Meiner Meinung nach brauchen wir darum in erster Linie keine Klassensätze von Tablet-PCs, sondern vielmehr den Mut, als Gesellschaft den Sprung in die Gegenwart zu wagen und uns auch unbequemen Fragen ehrlich zu stellen.

2 Comment

  1. Ich hoffe sehr, sehr, sehr, dass du dir diese Einstellung und Offenheit auch nach vielen Jahren Schuldienst noch behälst.
    Lehrer mit solchen Einstellungen brauchen wir meiner Meinung nach um Kinder/Jugendliche so richtig lebensfähig zu machen.

    Ich gehöre auch zu den Hybriden (übrigens super Beschreibung!) und kann zum Beispiel nur mit Papier so wirklich gut lernen. Auf dem Bildschirm gelesene Texte bleiben nicht so richtig hängen.
    Der Rest des Lebens läuft aber viel mit Smartphone und Laptop ab.

    Diese Vielfalt der Möglichkeiten ist doch das tolle an unser heutigen Zeit. Und wir sollten alles versuchen, damit die Bürger der Zukunft dazu bereit sind diese Vielfalt so zu nutzen, dass sie gut leben können.

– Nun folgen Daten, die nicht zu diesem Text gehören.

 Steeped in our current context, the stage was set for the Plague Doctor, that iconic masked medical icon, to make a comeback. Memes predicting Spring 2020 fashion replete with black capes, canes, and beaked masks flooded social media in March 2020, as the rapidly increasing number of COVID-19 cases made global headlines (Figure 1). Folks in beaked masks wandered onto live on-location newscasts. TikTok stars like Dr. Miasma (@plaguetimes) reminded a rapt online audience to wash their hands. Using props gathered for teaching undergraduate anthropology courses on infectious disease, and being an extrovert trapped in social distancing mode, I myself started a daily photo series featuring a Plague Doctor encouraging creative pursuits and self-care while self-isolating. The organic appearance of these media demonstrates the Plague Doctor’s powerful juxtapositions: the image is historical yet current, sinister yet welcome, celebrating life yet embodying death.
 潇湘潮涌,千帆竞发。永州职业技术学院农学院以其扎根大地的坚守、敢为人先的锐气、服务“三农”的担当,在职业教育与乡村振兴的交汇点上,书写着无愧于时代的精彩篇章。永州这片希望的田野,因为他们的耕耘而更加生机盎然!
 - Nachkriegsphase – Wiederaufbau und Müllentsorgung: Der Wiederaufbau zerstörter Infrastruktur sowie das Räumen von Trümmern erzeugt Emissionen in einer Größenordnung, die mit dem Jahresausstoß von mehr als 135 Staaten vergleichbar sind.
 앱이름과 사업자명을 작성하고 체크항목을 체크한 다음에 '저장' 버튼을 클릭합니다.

Dazu ist es nötig, ihnen alte wie neue Medien nahe zu bringen.
    Was bringt es ihnen, wenn sie (überspitzt gesagt) nie in ihrem Leben ein Buch in der Hand hatten, sondern immer nur Tablets und dann auf einmal analog recherchieren müssen. Dann wären sie aufgeschmissen. Andersrum natürlich genau so.

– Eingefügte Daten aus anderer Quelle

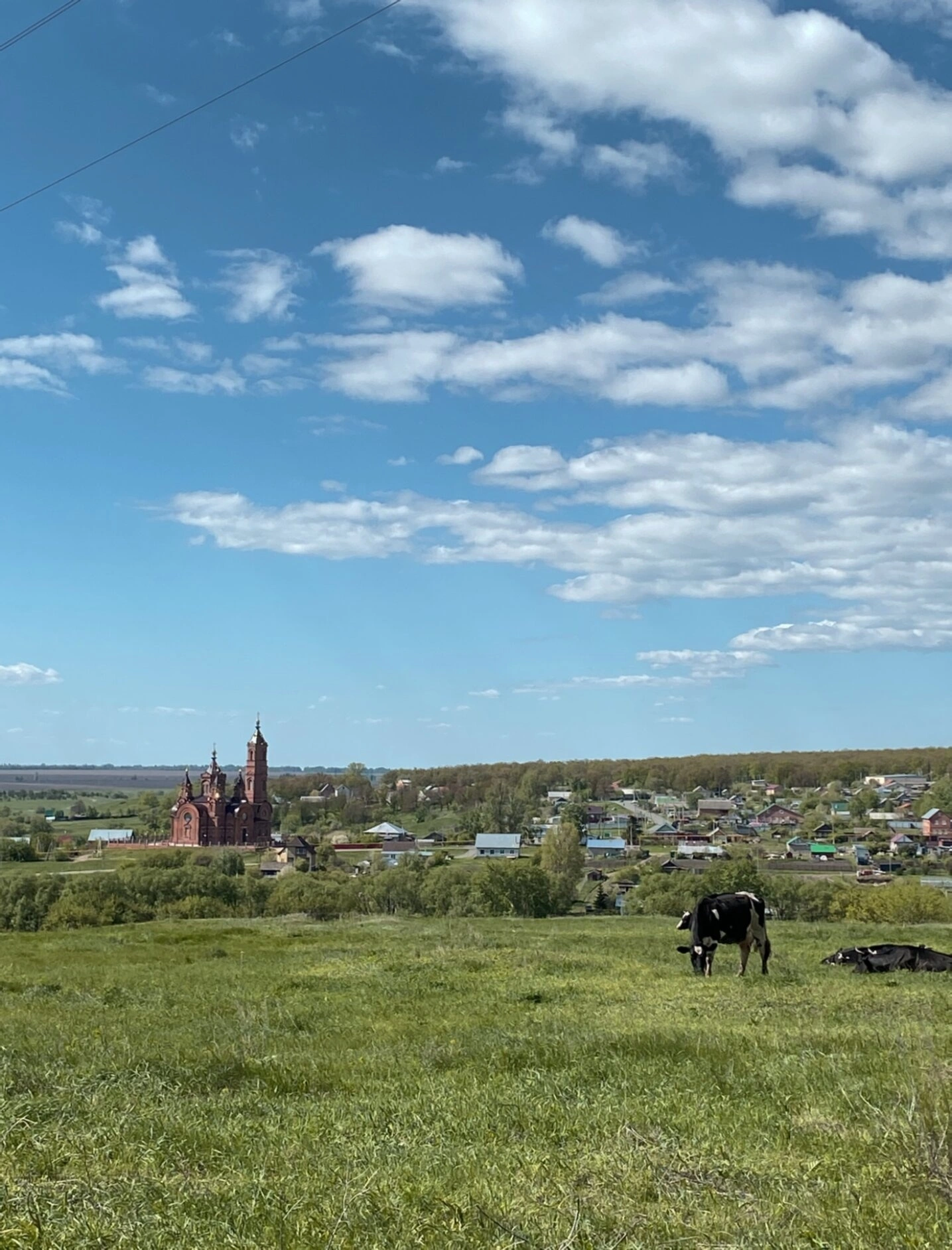 Церковное здание выполнено из красного кирпича в традициях русского стиля, характерного для церковного зодчества конца XIX – начала XX века. Архитектурный облик храма отличается строгостью форм и гармонией пропорций, что создает возвышенное молитвенное настроение. На переднем плане фотографии виден ухоженный луг, где мирно пасутся животные, что символизирует единство Божьего творения.

    1. Christin says: Antworten

      Ich hoffe es auch sehr – und vor allem hoffe ich, dass mich jemand darauf hinweist, wenn ich unflexibler und engstirniger werde. Das kann ja mit dem Alter kommen, weiß man aber vorher nicht so genau.

      Die Schwierigkeit sehe ich darin, wie verbohrt sich viele Menschen (in meinem Umfeld) auf ein Medium einrichten.
      Letztes Jahr sollten wir in einem Seminar in einem Wiki Protokoll über die einzelnen Seiten führen. Da beschwerten sich viele Lehramtsstudierende, dieses Ausmaß an Technik würden sie in ihrem Berufsleben später doch sowieso nie benutzen. Als ich erzählte, dass es an meinen Lycées in Frankreich keine Print-Klassenbücher mehr gab, sondern nur noch – man ahnt es vielleicht – Wikis, war die schnippische Antwort „Aber mir reicht ein normales Klassenbuch!“ Ja, als ob’s im Schulalltag immer danach ginge, was mir als Lehrerin reicht oder was ich persönlich gut finde.
      Genauso denke ich mir aber auch: Wenn wir alles ins Internet auslagern, was machen wir dann bei einem Servercrash? Ich weiß nicht, wie groß die Daten sind, die sich pro Schulbezirk mit Wiki-Klassenbüchern so anhäufen – aber es wäre zu hoffen, dass die Technologie der Blockchain Fortschritte macht und wirklich gäng wird, einfach weil die Überprüfbarkeit von Unterricht ein heikles Thema ist und ein Crash oder Angriff beim zentralen Schulserver schlimme Folgen haben könnte.